The arguments that stable or declining populations threaten per capita growth are grossly overestimated and, in some cases, outright false. Certainly, when the population stops growing, there are fewer workers per retiree and health spending increases as a percentage of GDP. But this is offset by reduced investment needs in infrastructure and housing to support a growing population.
China currently spends 25% of its GDP each year pouring concrete to build apartment buildings, roads and other urban infrastructure, some of which will be of no value as the population shrinks. By reducing this waste and spending more on health care and high technology, it can continue to prosper economically as the population shrinks.
In addition, a stable and possibly declining global population would facilitate the reduction of greenhouse gas emissions, help fight climate change, and ease the pressure that population growth inevitably places on biodiversity and fragile ecosystems. And the shrinking labor force is making companies more automated, while also pushing up real wages which, unlike absolute economic growth, are what really matters to ordinary citizens.
In a world where technology allows us to automate more and more jobs, the far bigger problem is too many potential workers, not too few. China’s population aged 20 to 64 is likely to decline by around 20% over the next 30 years, but productivity growth will continue to breed increasing prosperity.
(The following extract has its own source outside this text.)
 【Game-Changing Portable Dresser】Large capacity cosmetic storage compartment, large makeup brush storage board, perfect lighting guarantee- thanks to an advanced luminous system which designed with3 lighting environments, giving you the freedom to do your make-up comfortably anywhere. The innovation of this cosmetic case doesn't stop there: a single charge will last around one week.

India’s population in this age group is currently growing by around 10 million per year and will not stabilize until 2050.
But even when the Indian economy is growing rapidly, as it did before the COVID-19 crisis, its highly productive “organized sector” of around 80 million workers (those who work for registered companies and government agencies with formal employment contracts) fails to create additional jobs. . The growth of the potential labor force simply swells the huge army of the “informal sector” of the unemployed and underemployed.
Indeed, fertility rates well below replacement level create significant challenges, and the Chinese mainland may well move in that direction. Many people expected that after the abolition of the one-child policy in 2015, the continent’s fertility rate, then around 1.65, could increase.
But a look at the freely chosen birth rates of ethnic Chinese living in advanced economies such as Singapore (1.1) has always made this questionable. Other East Asian countries such as Japan (1.38) and the Republic of Korea (1.09) have similarly low fertility.
At these rates, the population decline will be precipitous rather than gradual. If the Republic of Korea’s birth rate does not increase, its population could drop from 51 million today to 27 million by 2100, and the ratio of retirees to workers will reach levels that no automation can achieve. can compensate.
Additionally, some surveys suggest that many families in low fertility countries would like to have more children but are discouraged by high house prices, inaccessible child care facilities, and other barriers to work-life balance.
Policymakers should therefore seek to make it as easy as possible for couples to have the number of children they ideally want. But the likely outcome will be average fertility rates well below replacement levels in all developed countries and, over time, a gradual decline in populations. The sooner this is true around the world, the better it will be for everyone.
The author, former chairman of the UK Financial Services Authority from 2008 to 2013, is chairman of the Energy Transitions Commission and author of numerous books, including Between Debt and the Devil.
Opinions do not necessarily reflect those of China Daily.